The example listed on Cars & Bids is the Pioneer model, which was positioned a notch above the base trim in 1986. It’s finished in Olympic White with a blue cloth interior, it’s riding on body-colored 15-inch steel wheels, and it was ordered with swing-away spare tire carrier that Jeep offered as an option on early models. It’s nearly unmodified and it appears to be in fairly good shape for an off-roader that’s quickly approaching its 40th birthday. Effortlessly rugged, it perfectly illustrates what the term “SUV” meant to many drivers in the middle of the 1980s, and it will certainly strike your nostalgia chord if you spent any amount of time in the nation’s mountainous regions in the 1990s.
Jeep buyers had three engine options to choose from in 1986. The base engine was a 2.5-liter four-cylinder rated at 117 horsepower and 135 pound-feet of torque. From there, customers could take the XJ in two wildly different directions. One option was a 2.1-liter turbodiesel four-cylinder borrowed from Renault (remember: AMC was under French control for years) and tuned to develop 85 horsepower and 132 pound-feet of torque. Alternatively, a General Motors-sourced 2.8-liter V6 rated at 115 horsepower and 150 pound-feet of torque was offered.
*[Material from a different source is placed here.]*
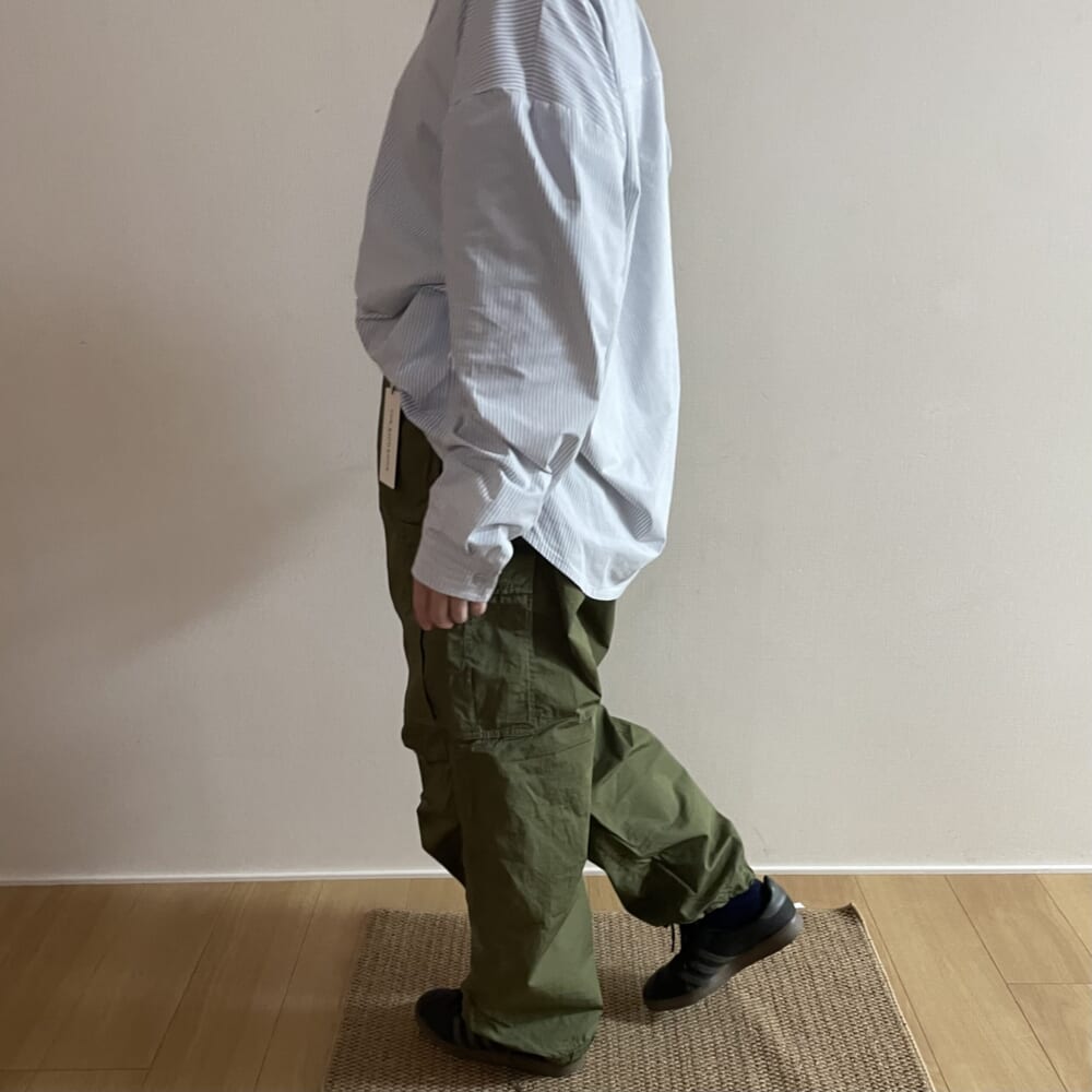裾がしぼれるようになっており、丈感の調整も可能です。生地感も品があり、軍もののデザインの様ですが、きれいめに着こなすことができそうです!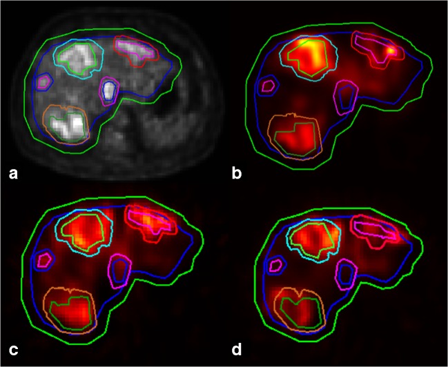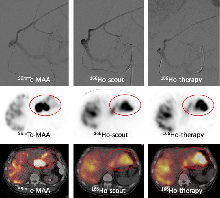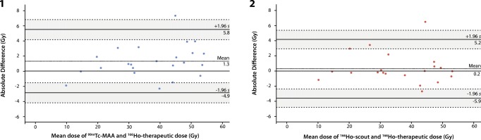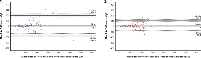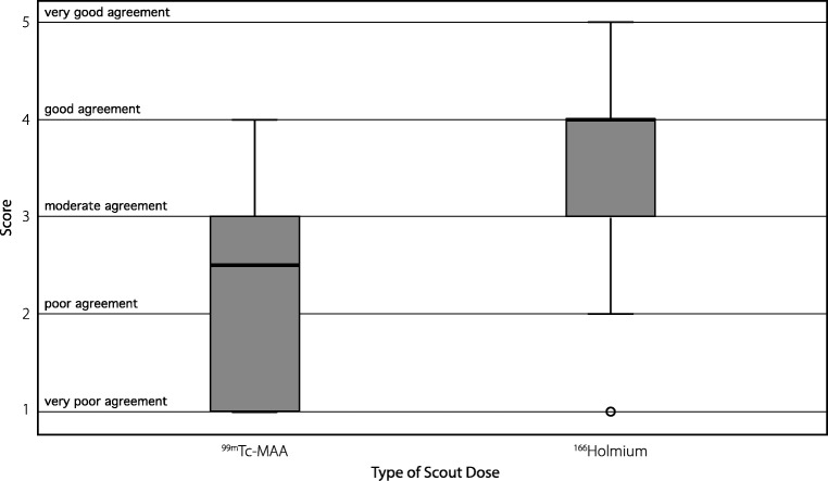 Results: A total of 23 procedures (71 lesions, 22 patients) were included for analysis. In the qualitative analysis, 166Ho-scout was superior with a median score of 4 vs. 2.5 for 99mTc-MAA (p < 0.001). The quantitative analysis showed significantly narrower 95%-limits of agreement for 166Ho-scout in comparison with 99mTc-MAA when evaluating lesion absorbed dose (- 90.3 and 105.3 Gy vs. - 164.1 and 197.0 Gy, respectively). Evaluation of normal liver absorbed dose did not show difference in agreement between both scout doses and 166Ho-therapeutic dose (- 2.9 and 5.5 Gy vs - 3.6 and 4.1 Gy for 99mTc-MAA and 166Ho-scout, respectively).

(Yes, the four-cylinder made more horsepower than the six. This was the 1980s; ’nuff said).
The 1986 example on Cars & Bids is powered by the six-cylinder, which is widely considered to be the more desirable of the three options. The output reaches the rear or the four wheels through a five-speed manual transmission and a two-speed transfer case. Here again, this is how you’d want to configure one of these. The other transmission options for 1986 were a four-speed stick and a three-speed automatic.
Jeep made numerous changes to the XJ-generation Cherokee during a production run that ended in 2001. The famous 4.0-liter straight-six replaced the 2.8-liter V6 for 1987, and the 1997 model year brought a new look that the Cherokee wore until it retired — in the United States, at least. Production continued in China into the 2010s. While the XJ was showing its age in the latter years of its American life, it remained a reasonably popular entry into a segment it helped create, and the nameplate was part of Jeep’s portfolio through the 2023 model year.
Bidding on the 1986 currently stands at $1,155 with six days left in a seven-day auction, so there’s plenty of time for that figure to rise. And, this is a no-reserve auction so the highest bidder will take home a cool and relatively early example of one of Jeep’s most influential models.